Step 4: Evaluate with LLM Judges

Modern LLMs have significantly more reasoning capacity than search systems. Search engines use small re-rankers optimized for millisecond latency, while LLMs use 100B+ parameters with seconds to reason per judgment. This capacity asymmetry means LLMs can judge the quality of results more thoroughly than the systems that produced them.

However, this analysis only works if you equip the LLM with a detailed scoring prompt that uses the same rubric as human evaluators. Provide example queries with scored results as a demonstration, and require a structured JSON output with a relevance score (0-4) and a brief explanation per result.

At the same time, run an LLM judge and have two human experts score a 100-query validation subset covering easy, medium, and hard queries. Once that’s done, calculate inter-human agreement using Cohen’s Kappa (target: κ > 0.70) and Pearson correlation (target: r > 0.80). I’ve seen Claude Sonnet achieve 0.84 agreement with expert raters when the rubric is well-specified.

Step 5: Measure evaluation stability with ICC

Accuracy alone doesn’t tell you if your evaluation is trustworthy. You also need to know if the variance you’re seeing among search results reflects genuine differences in query difficulty, or just random noise from inconsistent model provider behavior.

The Intraclass Correlation Coefficient (ICC) splits variance into two buckets: between-query variance (some queries are just harder than others) and within-query variance (inconsistent results for the same query across runs).

Here’s how to interpret ICC when vetting AI search providers:

ICC ≥ 0.75: Good reliability. Provider responses are consistent.
ICC = 0.50-0.75: Moderate reliability. Mixed contribution from query difficulty and provider inconsistency.
ICC < 0.50: Poor reliability. Single-run results are unreliable.

Consider two providers, both achieving 73% accuracy:

Accuracy	ICC	Interpretation
73%	0.66	Consistent behavior across trials.
73%	0.30	Unpredictable. The same query produces different results.

Without ICC, you’d deploy the second provider, thinking you’re getting 73% accuracy, only to discover reliability problems in production.

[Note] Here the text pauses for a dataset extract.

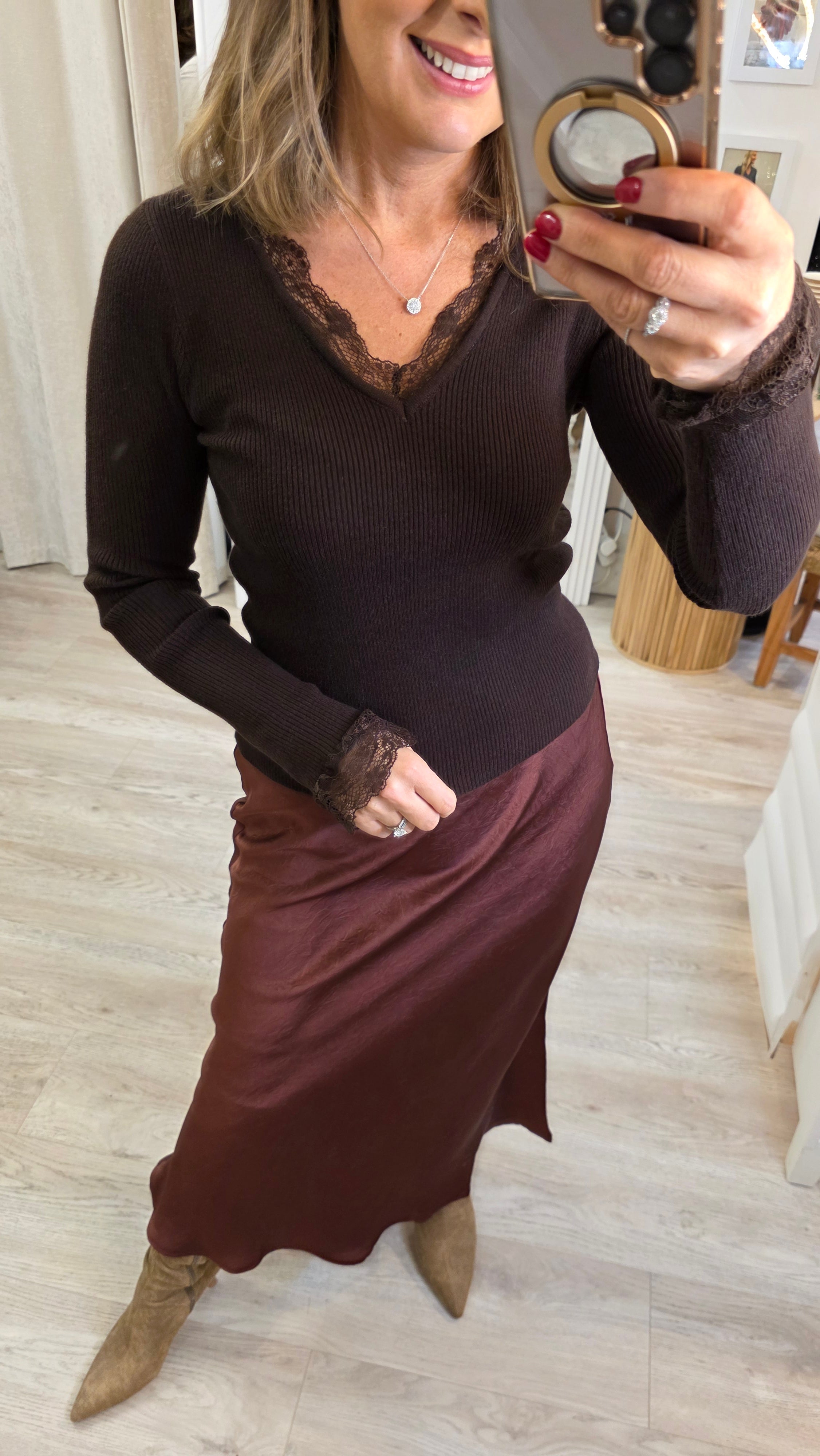 The Espresso Lace-Trim Knit Elevate your essentials with this rich chocolate ribbed top. Crafted for a flattering, slim fit, it features a delicate lace-trimmed V-neckline that adds a touch of romantic femininity to a classic silhouette. Soft, stretchy, and perfect for tucking into high-waisted trousers or leather pants.

In our research evaluating providers on GAIA (reasoning tasks) and FRAMES (retrieval tasks), we found ICC varies dramatically with task complexity, from 0.30 for complex reasoning with less capable models to 0.71 for structured retrieval. Often, accuracy improvements without ICC improvements reflected lucky sampling rather than genuine capability gains.

What Success Actually Looks Like

With that validation in place, you can evaluate providers across your full test set. Results might look like:

Provider A: 81.2% ± 2.1% accuracy (95% CI: 79.1-83.3%), ICC=0.68
Provider B: 78.9% ± 2.8% accuracy (95% CI: 76.1-81.7%), ICC=0.71

The intervals don’t overlap, so Provider A’s accuracy advantage is statistically significant at p<0.05. However, Provider B’s higher ICC means it’s more consistent—same query, more predictable results. Depending on your use case, consistency may matter more than the 2.3pp accuracy difference.

Provider C: 83.1% ± 4.8% accuracy (95% CI: 78.3-87.9%), ICC=0.42
Provider D: 79.8% ± 4.2% accuracy (95% CI: 75.6-84.0%), ICC=0.39

Provider C appears better, but those wide confidence intervals overlap substantially. More critically, both providers have ICC < 0.50, indicating that most variance is due to trial-to-trial randomness rather than query difficulty. When you see variance like this, your evaluation methodology itself needs debugging before you can trust the comparison.

This isn’t the only way to evaluate search quality, but I find it one of the most effective for balancing accuracy with feasibility. This framework delivers reproducible results that predict production performance, enabling you to compare providers on equal footing.

Right now, we are in a stage where we are relying on cherry-picked demos, and most vendor comparisons are meaningless because everyone measures differently. If you’re making million-dollar decisions about search infrastructure, you owe it to your team to measure properly.